■ DESCRIPTION OF THE TASK: Since the records include pictures, leave those out while you reproduce exactly and only the lines from the one containing "Durch die Kombination" through the one containing "本报讯 涵江食药监分局坚持预", inclusive.

─── SUPPLIED MATERIAL ───

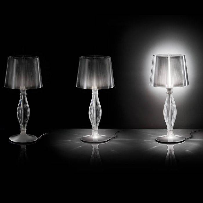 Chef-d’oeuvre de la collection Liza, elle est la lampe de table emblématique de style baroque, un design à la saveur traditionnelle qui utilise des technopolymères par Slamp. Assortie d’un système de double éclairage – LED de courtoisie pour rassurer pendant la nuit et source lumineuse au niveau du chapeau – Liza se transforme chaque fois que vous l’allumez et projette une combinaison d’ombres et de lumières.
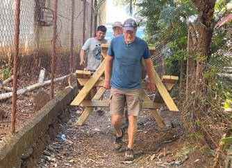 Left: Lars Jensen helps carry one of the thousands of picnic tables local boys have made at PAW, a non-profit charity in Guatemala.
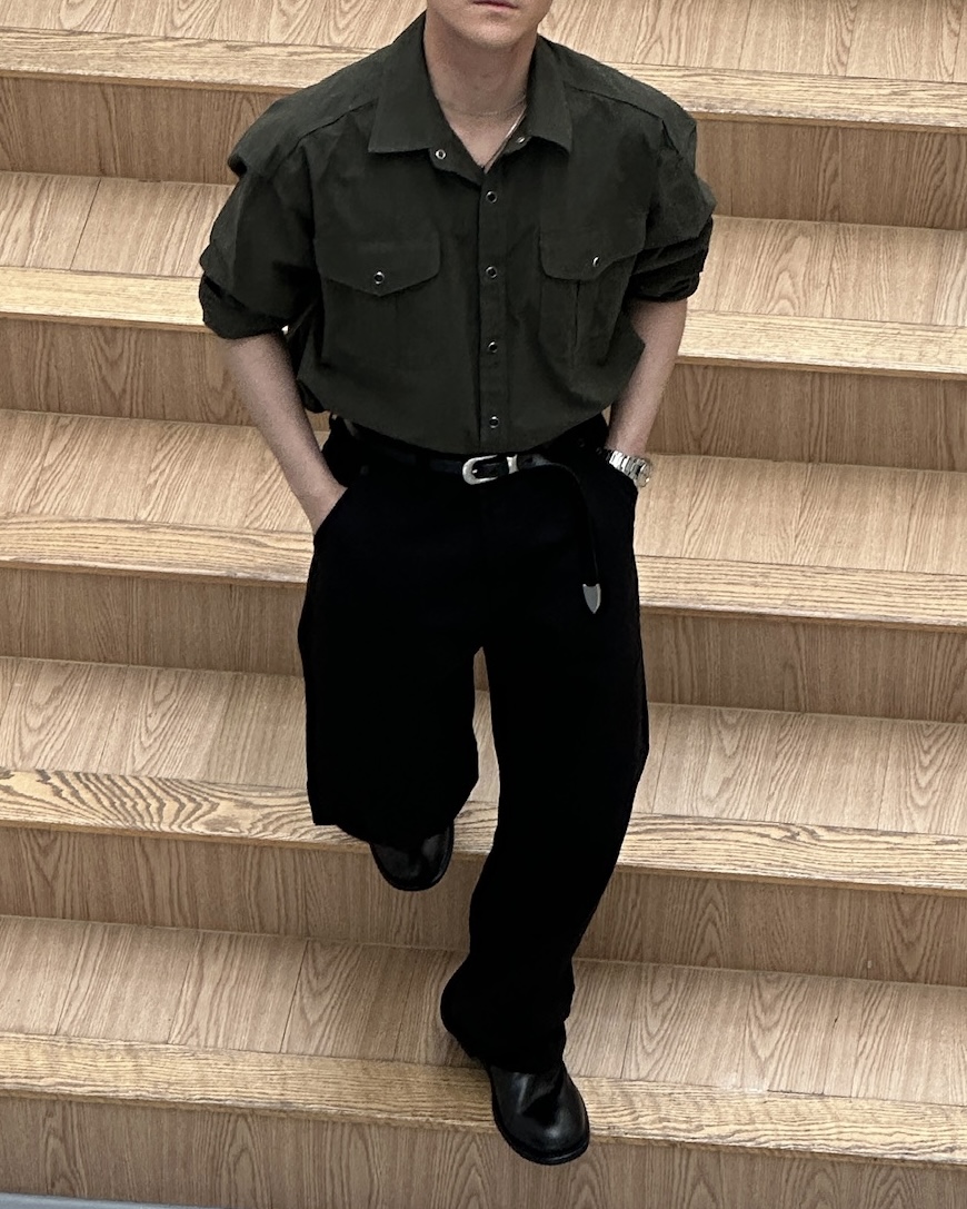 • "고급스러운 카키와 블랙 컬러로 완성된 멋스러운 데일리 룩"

───
─── SUPPLIED MATERIAL ───

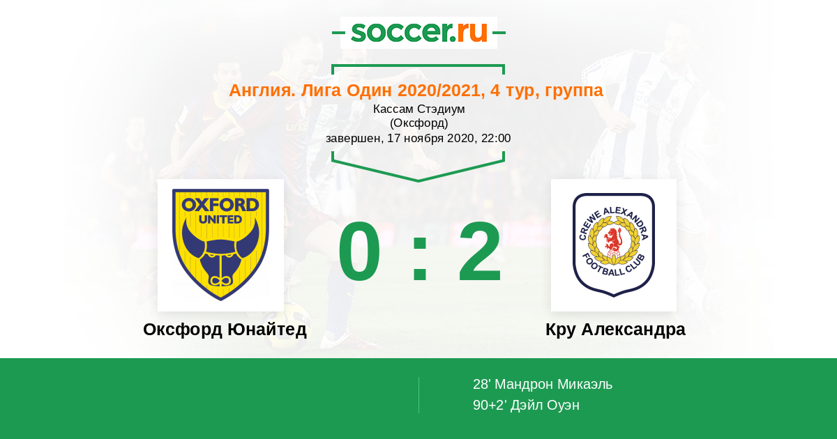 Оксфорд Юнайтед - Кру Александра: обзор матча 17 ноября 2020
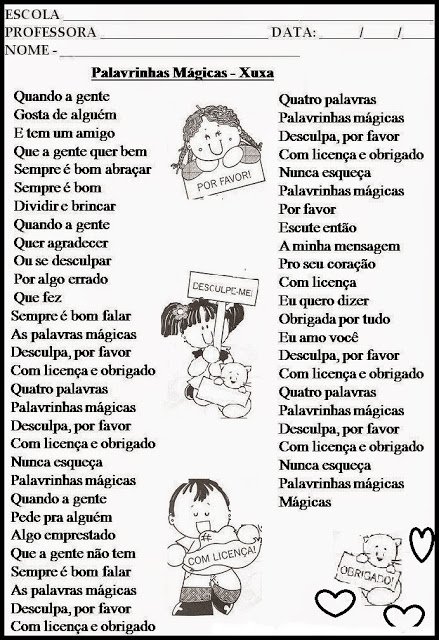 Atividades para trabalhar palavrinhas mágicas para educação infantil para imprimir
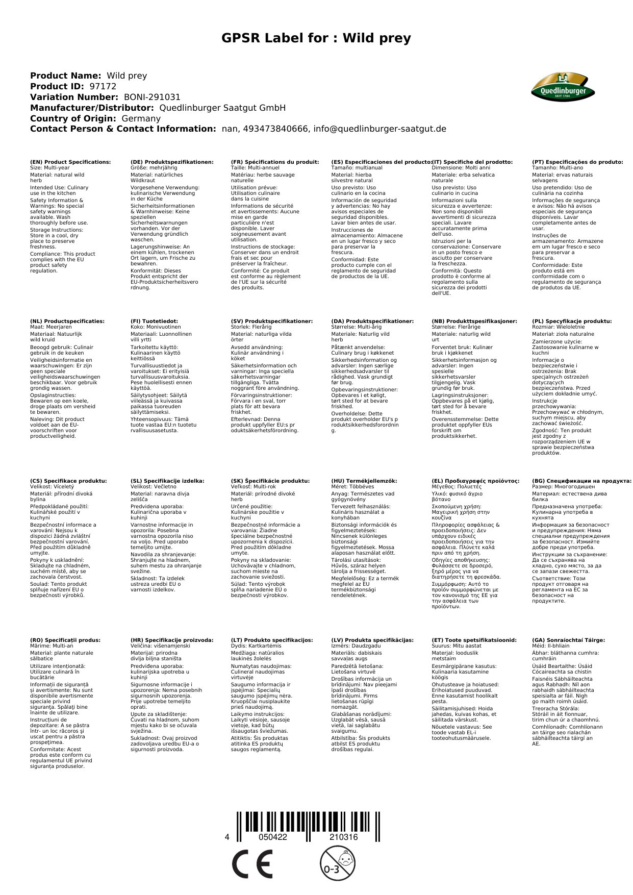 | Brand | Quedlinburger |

───
─── SUPPLIED MATERIAL ───

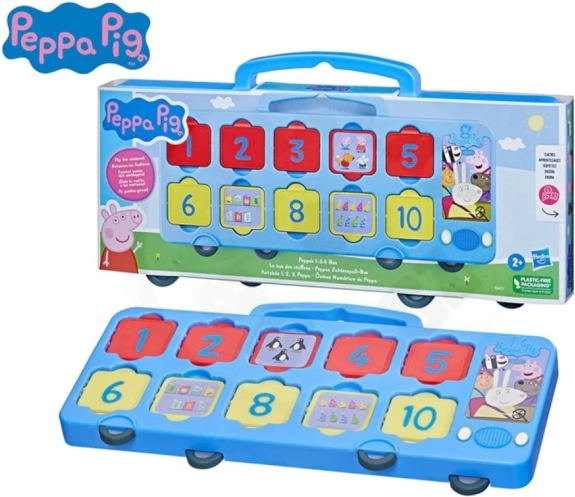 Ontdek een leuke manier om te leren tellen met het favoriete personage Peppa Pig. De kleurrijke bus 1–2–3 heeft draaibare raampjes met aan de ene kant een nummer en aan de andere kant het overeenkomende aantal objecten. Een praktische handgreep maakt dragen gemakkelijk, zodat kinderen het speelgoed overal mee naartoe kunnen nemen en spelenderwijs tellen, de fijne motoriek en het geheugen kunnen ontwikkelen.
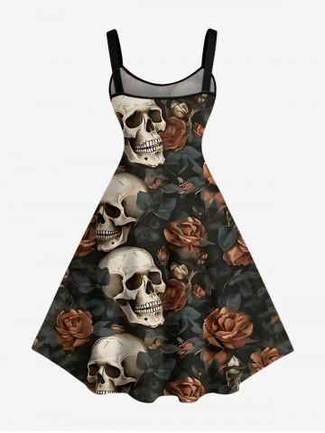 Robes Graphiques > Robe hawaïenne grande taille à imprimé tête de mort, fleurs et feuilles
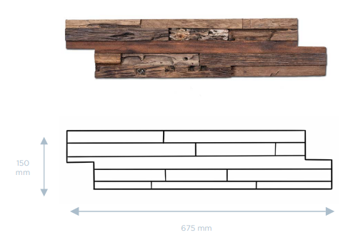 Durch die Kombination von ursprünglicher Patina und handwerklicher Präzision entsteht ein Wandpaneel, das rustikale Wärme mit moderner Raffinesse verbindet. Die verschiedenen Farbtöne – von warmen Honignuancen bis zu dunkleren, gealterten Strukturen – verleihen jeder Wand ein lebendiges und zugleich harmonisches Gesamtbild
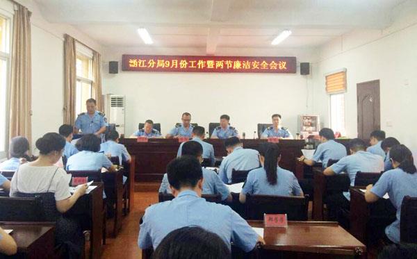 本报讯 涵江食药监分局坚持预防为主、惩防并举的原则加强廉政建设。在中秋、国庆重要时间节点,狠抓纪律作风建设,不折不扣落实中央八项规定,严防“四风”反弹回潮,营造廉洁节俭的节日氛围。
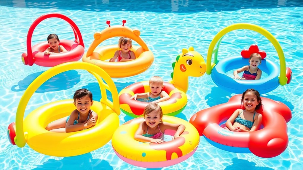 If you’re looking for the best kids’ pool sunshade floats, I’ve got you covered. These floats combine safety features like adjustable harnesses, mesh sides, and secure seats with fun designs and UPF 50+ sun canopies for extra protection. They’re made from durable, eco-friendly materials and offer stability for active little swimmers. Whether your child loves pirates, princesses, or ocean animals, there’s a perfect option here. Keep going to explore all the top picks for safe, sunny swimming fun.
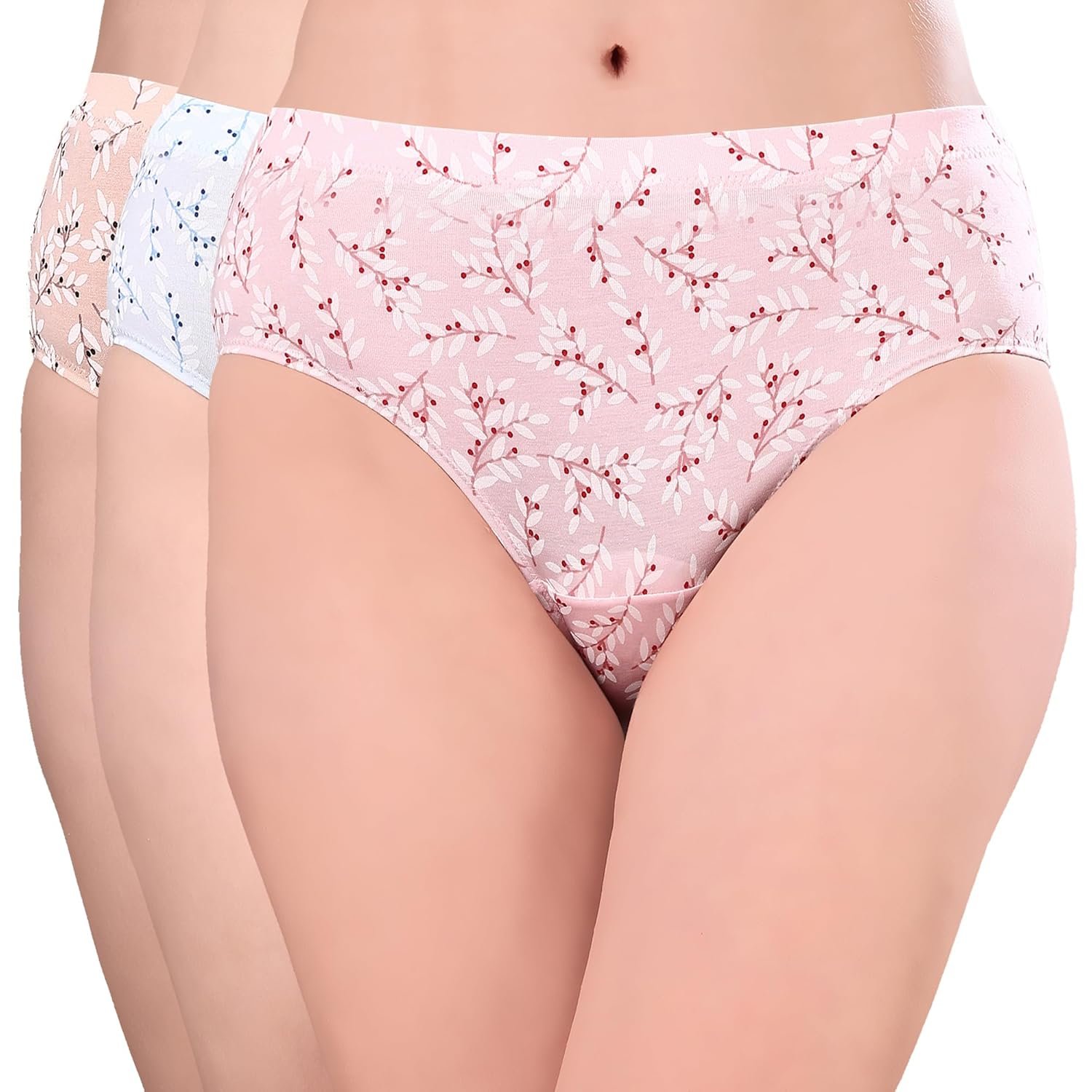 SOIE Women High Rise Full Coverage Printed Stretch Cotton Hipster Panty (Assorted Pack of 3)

───

■ YOUR SOLUTION:
 Durch die Kombination von ursprünglicher Patina und handwerklicher Präzision entsteht ein Wandpaneel, das rustikale Wärme mit moderner Raffinesse verbindet. Die verschiedenen Farbtöne – von warmen Honignuancen bis zu dunkleren, gealterten Strukturen – verleihen jeder Wand ein lebendiges und zugleich harmonisches Gesamtbild
 本报讯 涵江食药监分局坚持预防为主、惩防并举的原则加强廉政建设。在中秋、国庆重要时间节点,狠抓纪律作风建设,不折不扣落实中央八项规定,严防“四风”反弹回潮,营造廉洁节俭的节日氛围。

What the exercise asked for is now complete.